Lizenzauswahl für Tutorial-Repo

Vom einfachen Programm zum fertigen Debian-Paket, Fragen rund um Programmiersprachen, Scripting und Lizenzierung.
Antworten
buhtz
Beiträge: 1106
Registriert: 04.12.2015 17:54:49
Kontaktdaten:

Lizenzauswahl für Tutorial-Repo

Beitrag von buhtz » 16.03.2024 13:53:09

Ich habe da ein Repository das weniger ein Programm, sondern mehr ein Tutorial mit minimalen Beispielprogrammen ist. Thema ist die Paketierung von Python Projekten. tech-demo-python-packaging ist aber auch noch nicht fertig und wird gerade überarbeitet, weil ich schon wieder ein paar neue Dinge dazugelernt habe.

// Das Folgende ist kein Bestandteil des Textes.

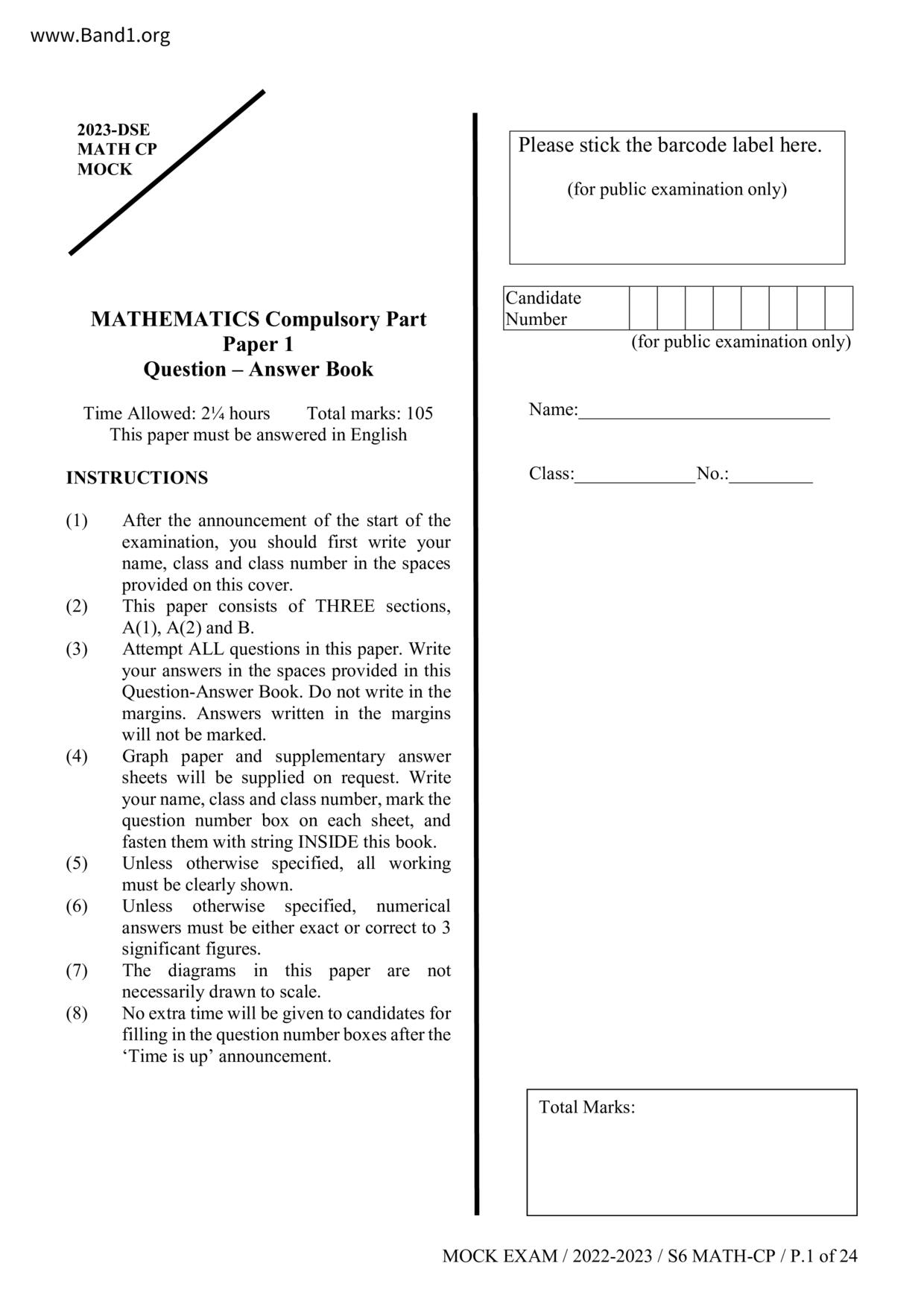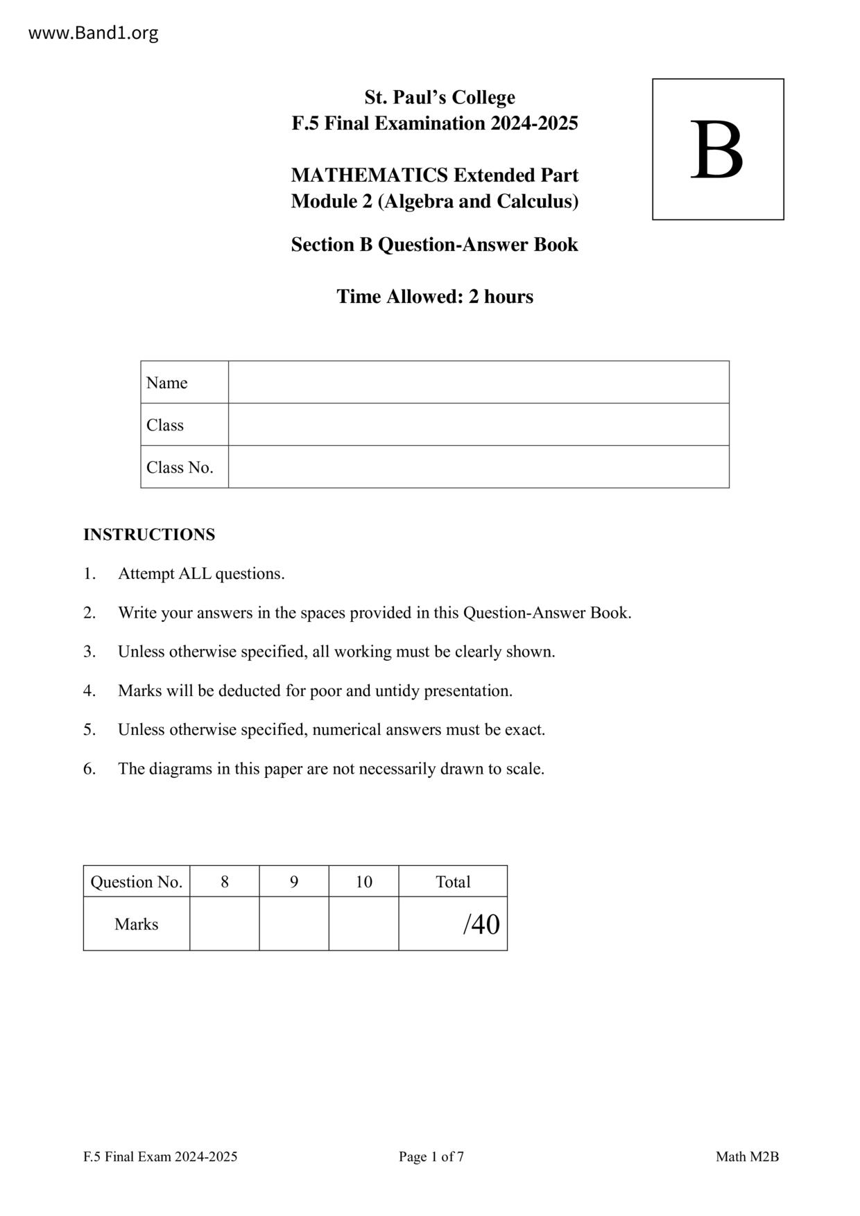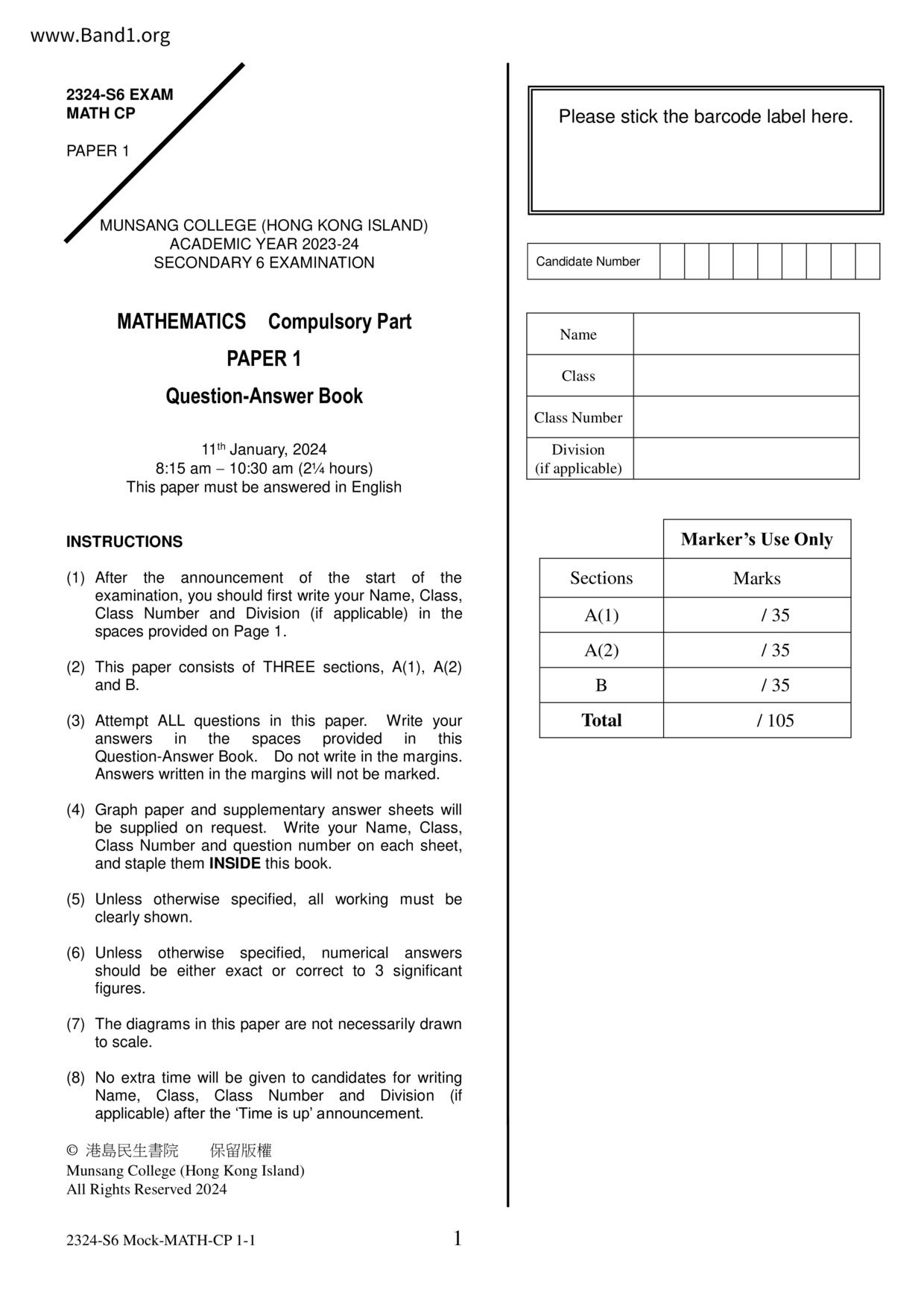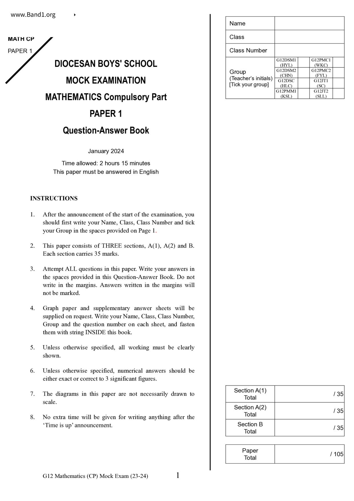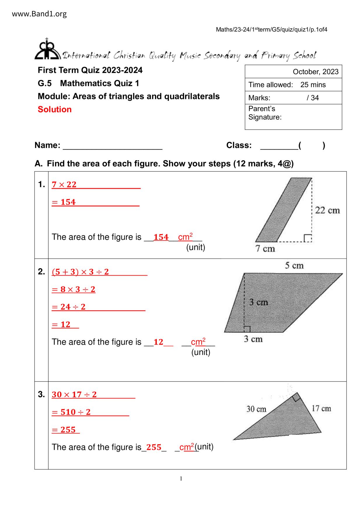 香港 中小學 數學 (HK Maths) 試卷 pdf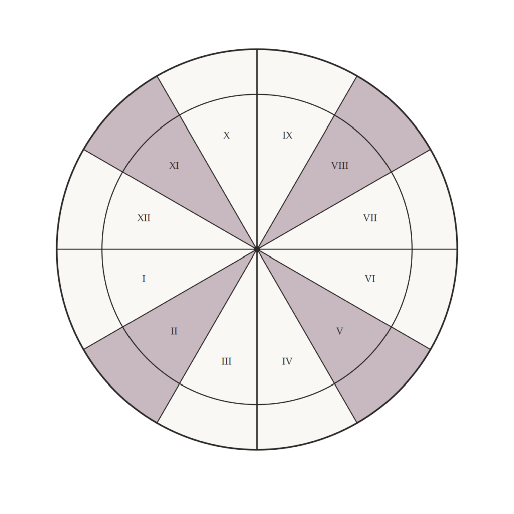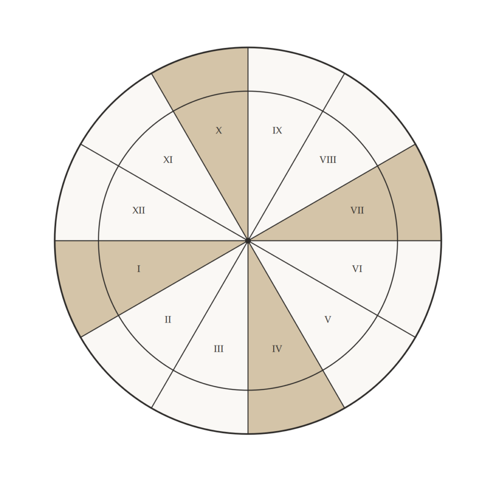 Les 12 maisons sont divisées en trois groupes de quatre, selon leur distance depuis l’Ascendant. Dans le système des signes entiers, chaque signe correspond à une maison complète. Avec un Ascendant Cancer par exemple, la maison 4 sera toujours en Balance, la maison 7 en Capricorne et la maison 10 en Bélier. Mais avec ce système de domification, le Milieu de Ciel et le Fond de Ciel ne se situent pas nécessairement dans la maison 10 et la maison 4 respectivement.

Auf Anfrage eines Nutzenden, mache ich mir jetzt Gedanken, unter welche Lizenz(en) ich das stelle. Dazu habe ich mich bei GNU, BSD und OSI etwas belesen und würde gerne eure Meinung und Erfahrung zu dem Thema und meiner potentiellen Auswahl hören. Nebenbei bin ich auch noch auf REUSE und SPDX als Spezifikation entdeckt.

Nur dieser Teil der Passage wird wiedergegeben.